L'échange doit commencer mardi, et dans les dernières heures qui les séparaient de leurs proches, les familles de Jérusalem-Est ont exprimé espoirs et joie, affirmant que la libération d'un seul prisonnier était une victoire pour tous.
La Famille de Fouad al-Razem
Après avoir passé le principal de sa vie d'adulte, soit 31 ans, en prison, Fouad al-Razem, 54 ans, est connu sous le pseudonyme de "doyen des prisonniers" et a vu passer plus de 20 échanges de prisonniers entre Israël et les Etats arabes. Il est né le 9 décembre 1957 et a grandi dans le district de Silwan, à Jérusalem-Est, dans une maison qui contient encore toutes ses affaires. Il y a été arrêté le 30 janvier 1981 à l'âge de 23 ans, jugé coupable d'avoir tué deux soldats israéliens dans la fin des années 1970 et condamné à une peine de prison à vie.

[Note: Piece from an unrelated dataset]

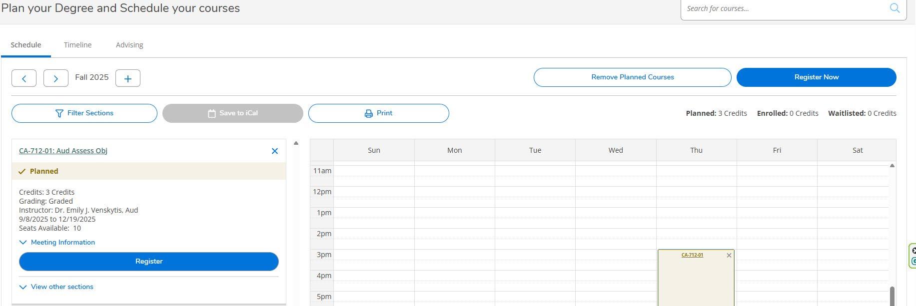 8) After you go “Back to Plan & Schedule”, you will see that your selections have been added to your plan for the semester that you are registering for. To complete registration for all sections in your list, click on “Register Now” in the upper right. You can also register section by section by clicking on “Register” in the left sidebar where your section choices are listed.
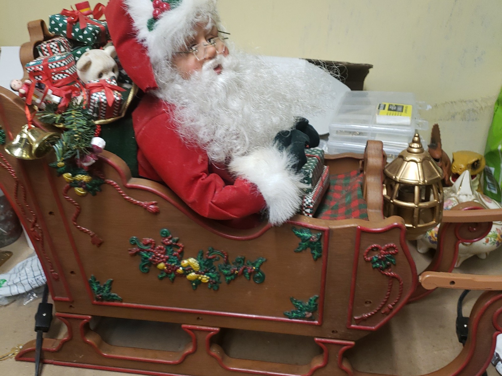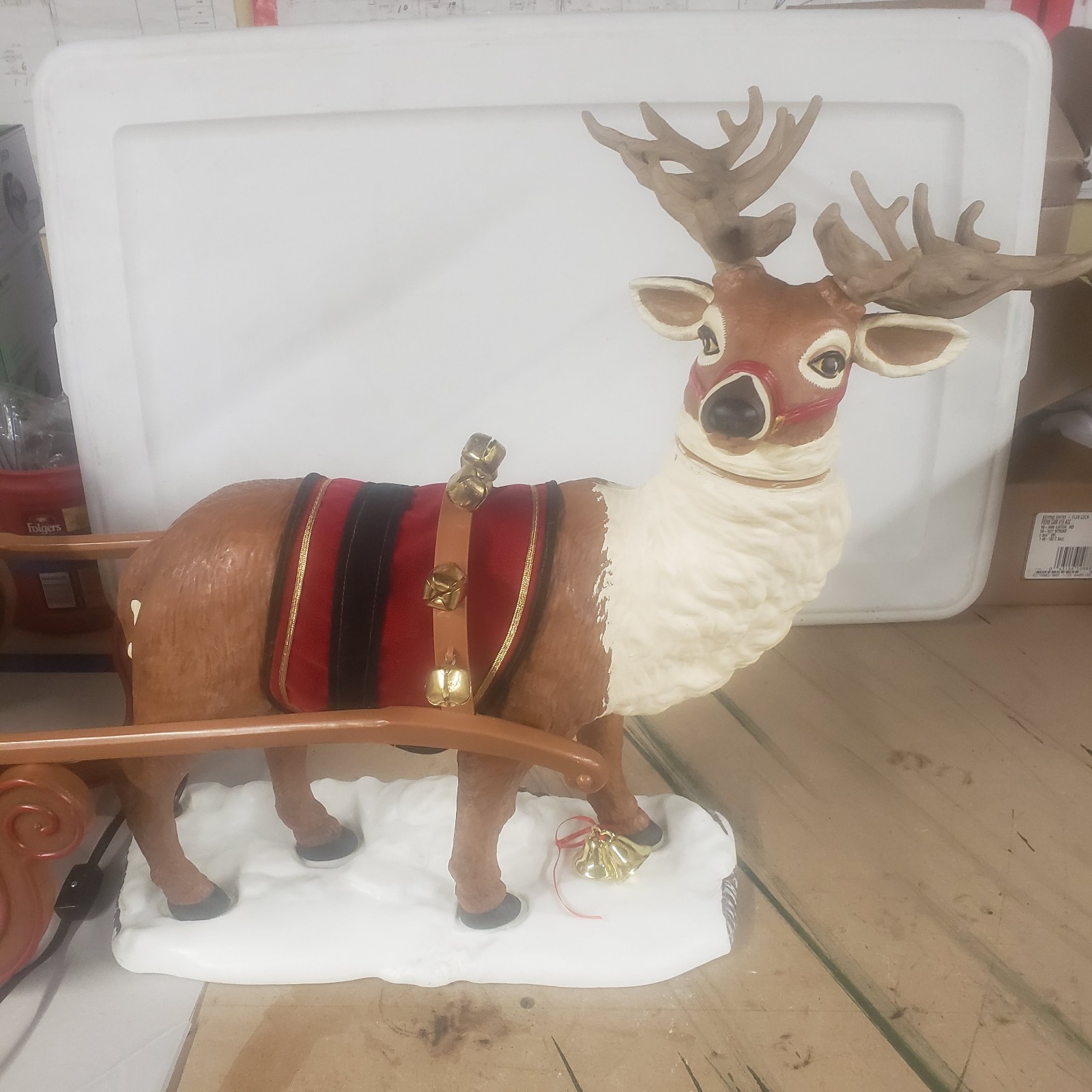 Missing Is The Red Harness That Santa Holds,That Goes Around The Reindeers Neck,Have The Bells,Also Looks Like One Of The Antlers Was Reglued On, See Pics

La soeur de Fouad, Umm Nidal, a exprimé sa crainte qu'Israël ne revienne sur sa parole au dernier moment et maintienne Fouad en détention, comme c'est arrivé en 1985 alors que Fouad avait déjà pris place dans le bus qui le mènerait à l'extérieur lorsque le directeur de la prison avait changé d'avis et lui avait ordonné de quitter le bus et de retourner dans sa cellule. Umm Nidal se rappelle de la "profonde déception" qu'avait alors ressentie sa famille.
Ce sentiment a aujourd'hui fait place à beaucoup d'espoir, alors que la famille de Fouad prépare une fête pour son retour, avec une retenue majeure : Fouad ne reviendra pas à Jérusalem-Est, puisqu'il fait partie de ceux qui seront exilé vers Gaza. Sa photo est visible sur de grandes affiches qui ont été collés tout autour de sa maison à Silwan, mais il ne les verra pas.
La Famille d'Amna Muneh
Amna Muneh, 35 ans, est l'une des trois femmes de Jérusalem-Est qui seront bientôt libérées par Israël. Elle est détenue depuis 2001 pour avoir participé aux actions ayant conduit à la mort d'un jeune israélien âgé de 16 ans. "Je n'ai jamais perdu espoir de voir Amna libéré. Tous les jours, j'étais optimiste", a assuré sa mère, Samira, auprès de PNN.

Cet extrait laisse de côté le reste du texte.